Tag: tesseract

  • tesseract Unable to load unicharset file /usr/share/tesseract/tessdata/eng.unicharset

    Cause: the package for English language is missing.

    On Centos:

    sudo yum install tesseract-en

    On Ubuntu:

    sudo apt-get install tesseract-ocr-eng

  • tesseract check_legal_image_size:Error:Only 1,2,4,5,6,8 bpp are supported:16

    Error:

    tesseract test.tif output.txt
    Tesseract Open Source OCR Engine
    check_legal_image_size:Error:Only 1,2,4,5,6,8 bpp are supported:16

    Cause: tif image bits/sample value not in 1,2,4,5,6,8 or tif image is transparent with alpha value (Extra Samples: 1<unassoc-alpha>):

    tiffinfo  test.tif
      TIFF Directory at offset 0x7b6 (1974)
      Image Width: 145 Image Length: 39
      Resolution: 72, 72 (unitless)
      Bits/Sample: 8
      Compression Scheme: AdobeDeflate
      Photometric Interpretation: min-is-black
      Extra Samples: 1<unassoc-alpha>
      FillOrder: msb-to-lsb
      Orientation: row 0 top, col 0 lhs
      Samples/Pixel: 2
      Rows/Strip: 39
      Planar Configuration: single image plane
      DocumentName: a.tif
      Software: ImageMagick 6.2.8 05/07/12 Q16
      Predictor: horizontal differencing 2 (0x2)

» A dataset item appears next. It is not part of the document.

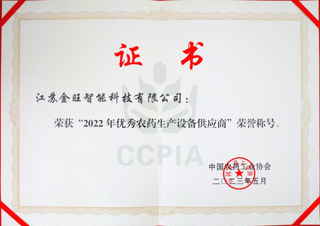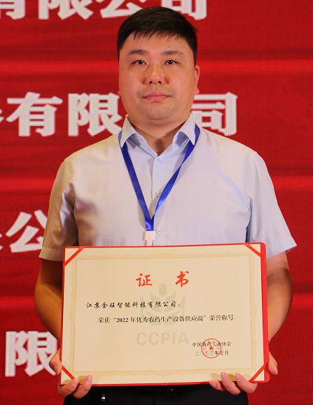 金旺智能憑借高效穩(wěn)定的產(chǎn)品性能,得到了行業(yè)內(nèi)客戶一致好評,收獲由中國農(nóng)藥工業(yè)協(xié)會頒發(fā)的“2022年優(yōu)秀農(nóng)藥設(shè)備供應(yīng)商”榮譽稱號。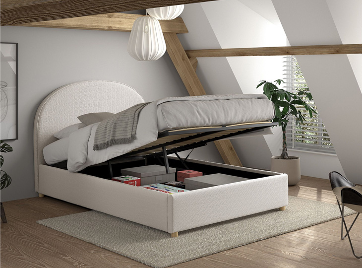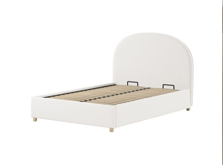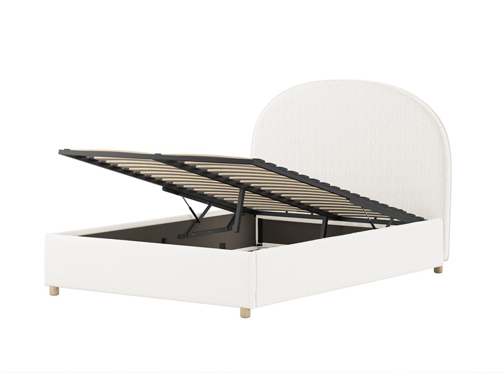 Het gestoffeerde Moon opbergbed brengt een elegante en warme uitstraling in elke kinder- of tienerkamer. Bekleed met zachte bouclé stof in rustgevende kleuren straalt dit bed luxe uit en voelt het heerlijk comfortabel aan.

    Solution: convert tif to acceptable bit sample and remove alpha value:

    convert test.tif -background white -alpha remove -flatten -alpha off test.tif

    or convert to jpg and reconvert to tif again should remove alpha:

    convert test.tif test.jpg
    convert test.jpg test.tif

     

     

  • tesseract name_to_image_type:Error:Unrecognized image type

    Error:

    tesseract test.png output.txt
    Tesseract Open Source OCR Engine
    name_to_image_type:Error:Unrecognized image type:test.png
    IMAGE::read_header:Error:Can’t read this image type:test.png
    tesseract:Error:Read of file failed:test.png

    Cause: You are using tesseract version <=2.0.4

    Solution:

    1. convert png to tif:

    convert test.png -background white -alpha remove -flatten -alpha off test.tif

    2. Upgrade teeseract to latest version